▶ _WHAT THE TASK REQUIRES_
Here is the task for the records below: repeat exactly the lines from the one with "Ensemble Vague L.138" to the one with "Turn an ordinary", both included, and nothing else.

▶ _INFORMATION_
BEGIN

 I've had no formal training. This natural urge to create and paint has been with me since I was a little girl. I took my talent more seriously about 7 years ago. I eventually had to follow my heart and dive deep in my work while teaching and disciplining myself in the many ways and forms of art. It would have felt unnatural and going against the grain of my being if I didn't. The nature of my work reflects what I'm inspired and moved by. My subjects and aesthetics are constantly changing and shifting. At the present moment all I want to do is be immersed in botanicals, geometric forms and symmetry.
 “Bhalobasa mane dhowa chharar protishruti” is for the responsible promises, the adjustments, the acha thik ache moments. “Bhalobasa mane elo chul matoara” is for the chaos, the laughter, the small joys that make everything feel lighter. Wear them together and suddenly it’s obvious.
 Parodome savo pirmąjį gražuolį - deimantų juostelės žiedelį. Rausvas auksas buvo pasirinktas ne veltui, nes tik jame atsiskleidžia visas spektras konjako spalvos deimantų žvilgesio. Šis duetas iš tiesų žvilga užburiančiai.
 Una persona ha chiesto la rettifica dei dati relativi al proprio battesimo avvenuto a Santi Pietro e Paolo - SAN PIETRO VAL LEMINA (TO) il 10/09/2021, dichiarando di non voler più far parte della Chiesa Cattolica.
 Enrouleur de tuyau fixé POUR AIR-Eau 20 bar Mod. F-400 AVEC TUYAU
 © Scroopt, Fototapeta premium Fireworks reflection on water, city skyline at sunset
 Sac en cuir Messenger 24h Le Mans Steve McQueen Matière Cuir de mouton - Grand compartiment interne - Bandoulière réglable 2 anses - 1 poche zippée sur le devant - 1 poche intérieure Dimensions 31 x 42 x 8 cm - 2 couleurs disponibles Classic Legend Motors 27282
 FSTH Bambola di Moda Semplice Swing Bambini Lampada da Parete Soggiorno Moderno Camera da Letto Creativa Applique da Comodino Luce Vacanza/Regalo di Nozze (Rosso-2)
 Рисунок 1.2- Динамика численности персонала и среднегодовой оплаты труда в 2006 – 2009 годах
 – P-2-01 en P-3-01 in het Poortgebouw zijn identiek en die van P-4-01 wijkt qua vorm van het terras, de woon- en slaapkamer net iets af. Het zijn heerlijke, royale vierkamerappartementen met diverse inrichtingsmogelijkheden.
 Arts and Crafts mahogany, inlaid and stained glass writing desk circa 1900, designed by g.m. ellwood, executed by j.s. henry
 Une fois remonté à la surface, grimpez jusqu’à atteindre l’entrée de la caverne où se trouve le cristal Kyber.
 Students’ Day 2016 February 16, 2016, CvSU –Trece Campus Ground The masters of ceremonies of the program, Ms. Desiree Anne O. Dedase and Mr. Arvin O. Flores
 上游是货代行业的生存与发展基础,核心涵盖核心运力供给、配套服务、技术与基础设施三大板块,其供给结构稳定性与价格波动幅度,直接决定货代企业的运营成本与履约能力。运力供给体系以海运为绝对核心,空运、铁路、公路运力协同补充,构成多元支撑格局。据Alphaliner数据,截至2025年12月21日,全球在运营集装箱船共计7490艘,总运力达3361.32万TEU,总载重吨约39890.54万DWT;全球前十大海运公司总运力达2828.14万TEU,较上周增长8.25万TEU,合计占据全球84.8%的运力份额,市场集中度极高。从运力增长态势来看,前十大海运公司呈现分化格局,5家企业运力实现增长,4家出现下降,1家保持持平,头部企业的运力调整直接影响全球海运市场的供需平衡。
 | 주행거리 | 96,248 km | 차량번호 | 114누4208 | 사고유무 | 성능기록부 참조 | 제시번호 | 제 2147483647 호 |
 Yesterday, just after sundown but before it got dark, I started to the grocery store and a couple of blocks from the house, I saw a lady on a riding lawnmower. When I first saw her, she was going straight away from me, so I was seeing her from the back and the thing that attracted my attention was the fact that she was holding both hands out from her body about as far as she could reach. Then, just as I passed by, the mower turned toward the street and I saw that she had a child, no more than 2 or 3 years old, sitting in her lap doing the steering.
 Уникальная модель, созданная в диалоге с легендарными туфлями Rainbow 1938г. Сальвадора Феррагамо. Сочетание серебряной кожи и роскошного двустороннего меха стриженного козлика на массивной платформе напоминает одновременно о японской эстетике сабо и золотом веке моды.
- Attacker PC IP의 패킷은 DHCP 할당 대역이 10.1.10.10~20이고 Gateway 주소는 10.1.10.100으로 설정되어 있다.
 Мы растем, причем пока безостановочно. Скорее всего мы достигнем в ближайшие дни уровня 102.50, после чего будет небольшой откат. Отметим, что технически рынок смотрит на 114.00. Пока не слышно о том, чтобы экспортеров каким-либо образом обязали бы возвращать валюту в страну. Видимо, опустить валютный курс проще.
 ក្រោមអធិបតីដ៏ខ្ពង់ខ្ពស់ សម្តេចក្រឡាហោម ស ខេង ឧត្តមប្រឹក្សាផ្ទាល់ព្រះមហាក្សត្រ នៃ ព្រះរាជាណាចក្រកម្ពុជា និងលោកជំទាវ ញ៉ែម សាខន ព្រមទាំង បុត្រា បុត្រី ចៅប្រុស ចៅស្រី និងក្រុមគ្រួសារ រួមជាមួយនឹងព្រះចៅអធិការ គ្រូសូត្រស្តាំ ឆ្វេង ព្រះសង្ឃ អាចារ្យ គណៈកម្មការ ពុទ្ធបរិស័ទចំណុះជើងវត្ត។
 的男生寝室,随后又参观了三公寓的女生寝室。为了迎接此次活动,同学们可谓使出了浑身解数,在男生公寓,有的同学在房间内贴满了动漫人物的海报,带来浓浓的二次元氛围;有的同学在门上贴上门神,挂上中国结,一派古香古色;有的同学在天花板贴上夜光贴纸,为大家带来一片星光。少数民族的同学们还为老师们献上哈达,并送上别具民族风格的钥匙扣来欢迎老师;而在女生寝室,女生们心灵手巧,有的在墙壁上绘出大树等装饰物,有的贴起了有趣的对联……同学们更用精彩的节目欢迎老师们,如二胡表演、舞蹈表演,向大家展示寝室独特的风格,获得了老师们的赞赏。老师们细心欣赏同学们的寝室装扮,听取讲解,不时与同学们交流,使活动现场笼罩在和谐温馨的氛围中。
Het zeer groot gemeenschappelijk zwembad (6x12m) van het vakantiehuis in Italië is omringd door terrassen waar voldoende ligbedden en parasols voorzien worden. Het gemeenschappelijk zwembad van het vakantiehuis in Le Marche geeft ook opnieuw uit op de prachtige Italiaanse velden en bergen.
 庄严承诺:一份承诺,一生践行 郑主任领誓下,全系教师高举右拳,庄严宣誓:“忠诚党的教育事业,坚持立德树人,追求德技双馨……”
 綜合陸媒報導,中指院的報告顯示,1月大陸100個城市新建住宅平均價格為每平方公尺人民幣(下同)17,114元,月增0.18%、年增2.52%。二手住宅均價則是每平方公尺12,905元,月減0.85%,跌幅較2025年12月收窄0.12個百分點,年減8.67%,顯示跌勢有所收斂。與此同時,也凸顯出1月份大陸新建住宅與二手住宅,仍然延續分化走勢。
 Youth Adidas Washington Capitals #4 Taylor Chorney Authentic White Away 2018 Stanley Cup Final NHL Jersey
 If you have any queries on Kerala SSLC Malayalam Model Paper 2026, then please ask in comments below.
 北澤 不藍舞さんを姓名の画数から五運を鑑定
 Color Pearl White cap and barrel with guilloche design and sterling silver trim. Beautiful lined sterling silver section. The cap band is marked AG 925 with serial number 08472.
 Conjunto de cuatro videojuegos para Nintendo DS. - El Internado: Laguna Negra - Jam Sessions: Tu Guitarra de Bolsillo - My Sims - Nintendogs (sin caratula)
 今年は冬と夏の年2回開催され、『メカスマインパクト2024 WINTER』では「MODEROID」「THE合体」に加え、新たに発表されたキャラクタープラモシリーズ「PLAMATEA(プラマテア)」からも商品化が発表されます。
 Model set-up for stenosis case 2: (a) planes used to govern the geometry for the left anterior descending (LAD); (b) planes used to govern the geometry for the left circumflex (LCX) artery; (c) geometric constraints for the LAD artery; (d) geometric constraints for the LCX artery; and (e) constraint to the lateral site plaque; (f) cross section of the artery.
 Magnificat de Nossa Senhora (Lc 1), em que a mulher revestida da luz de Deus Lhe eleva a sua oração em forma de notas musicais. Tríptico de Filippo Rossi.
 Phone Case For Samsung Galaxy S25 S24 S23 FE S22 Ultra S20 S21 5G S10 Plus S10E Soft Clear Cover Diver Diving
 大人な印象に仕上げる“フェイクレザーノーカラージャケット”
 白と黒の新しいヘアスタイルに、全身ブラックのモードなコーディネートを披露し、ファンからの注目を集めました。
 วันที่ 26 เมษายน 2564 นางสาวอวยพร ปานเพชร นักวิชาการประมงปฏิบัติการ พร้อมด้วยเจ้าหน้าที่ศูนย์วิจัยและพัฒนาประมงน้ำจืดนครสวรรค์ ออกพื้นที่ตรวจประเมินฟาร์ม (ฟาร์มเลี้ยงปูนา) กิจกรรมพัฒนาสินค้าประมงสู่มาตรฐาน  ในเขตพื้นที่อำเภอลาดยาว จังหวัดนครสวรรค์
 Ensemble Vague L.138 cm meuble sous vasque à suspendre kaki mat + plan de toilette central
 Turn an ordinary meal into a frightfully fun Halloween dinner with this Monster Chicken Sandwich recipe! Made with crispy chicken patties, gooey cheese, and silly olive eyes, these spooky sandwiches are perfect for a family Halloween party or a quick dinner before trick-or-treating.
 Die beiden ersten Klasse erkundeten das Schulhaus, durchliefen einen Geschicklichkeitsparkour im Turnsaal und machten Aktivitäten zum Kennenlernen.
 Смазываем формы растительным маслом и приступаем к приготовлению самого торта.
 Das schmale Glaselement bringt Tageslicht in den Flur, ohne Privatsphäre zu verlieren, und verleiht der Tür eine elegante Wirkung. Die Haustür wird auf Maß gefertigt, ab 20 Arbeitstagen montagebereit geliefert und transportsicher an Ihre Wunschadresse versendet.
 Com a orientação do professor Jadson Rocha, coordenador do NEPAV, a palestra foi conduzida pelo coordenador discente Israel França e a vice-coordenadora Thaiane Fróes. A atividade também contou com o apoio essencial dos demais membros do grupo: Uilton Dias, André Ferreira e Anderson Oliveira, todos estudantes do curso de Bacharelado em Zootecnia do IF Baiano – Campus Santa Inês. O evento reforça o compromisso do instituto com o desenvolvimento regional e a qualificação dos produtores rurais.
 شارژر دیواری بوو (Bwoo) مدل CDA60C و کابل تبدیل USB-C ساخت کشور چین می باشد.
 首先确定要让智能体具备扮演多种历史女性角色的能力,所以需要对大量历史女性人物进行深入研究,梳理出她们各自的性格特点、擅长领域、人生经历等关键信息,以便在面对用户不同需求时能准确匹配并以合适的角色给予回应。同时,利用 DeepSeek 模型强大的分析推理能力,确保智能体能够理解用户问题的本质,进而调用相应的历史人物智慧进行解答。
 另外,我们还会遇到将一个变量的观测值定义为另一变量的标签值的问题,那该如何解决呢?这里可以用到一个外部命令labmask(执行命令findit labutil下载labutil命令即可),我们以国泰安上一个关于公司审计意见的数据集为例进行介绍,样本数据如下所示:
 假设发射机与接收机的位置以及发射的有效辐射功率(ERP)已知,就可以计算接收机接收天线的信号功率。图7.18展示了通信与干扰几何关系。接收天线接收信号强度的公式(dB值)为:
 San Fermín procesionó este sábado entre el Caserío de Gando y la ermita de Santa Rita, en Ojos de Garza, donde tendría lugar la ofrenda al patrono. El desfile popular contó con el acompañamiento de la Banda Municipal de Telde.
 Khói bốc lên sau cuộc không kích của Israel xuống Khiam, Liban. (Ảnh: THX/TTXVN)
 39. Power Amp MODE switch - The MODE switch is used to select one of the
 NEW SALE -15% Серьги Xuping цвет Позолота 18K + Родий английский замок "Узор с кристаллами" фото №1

END

▶ _EXERCISE SOLUTION_
 Ensemble Vague L.138 cm meuble sous vasque à suspendre kaki mat + plan de toilette central
 Turn an ordinary meal into a frightfully fun Halloween dinner with this Monster Chicken Sandwich recipe! Made with crispy chicken patties, gooey cheese, and silly olive eyes, these spooky sandwiches are perfect for a family Halloween party or a quick dinner before trick-or-treating.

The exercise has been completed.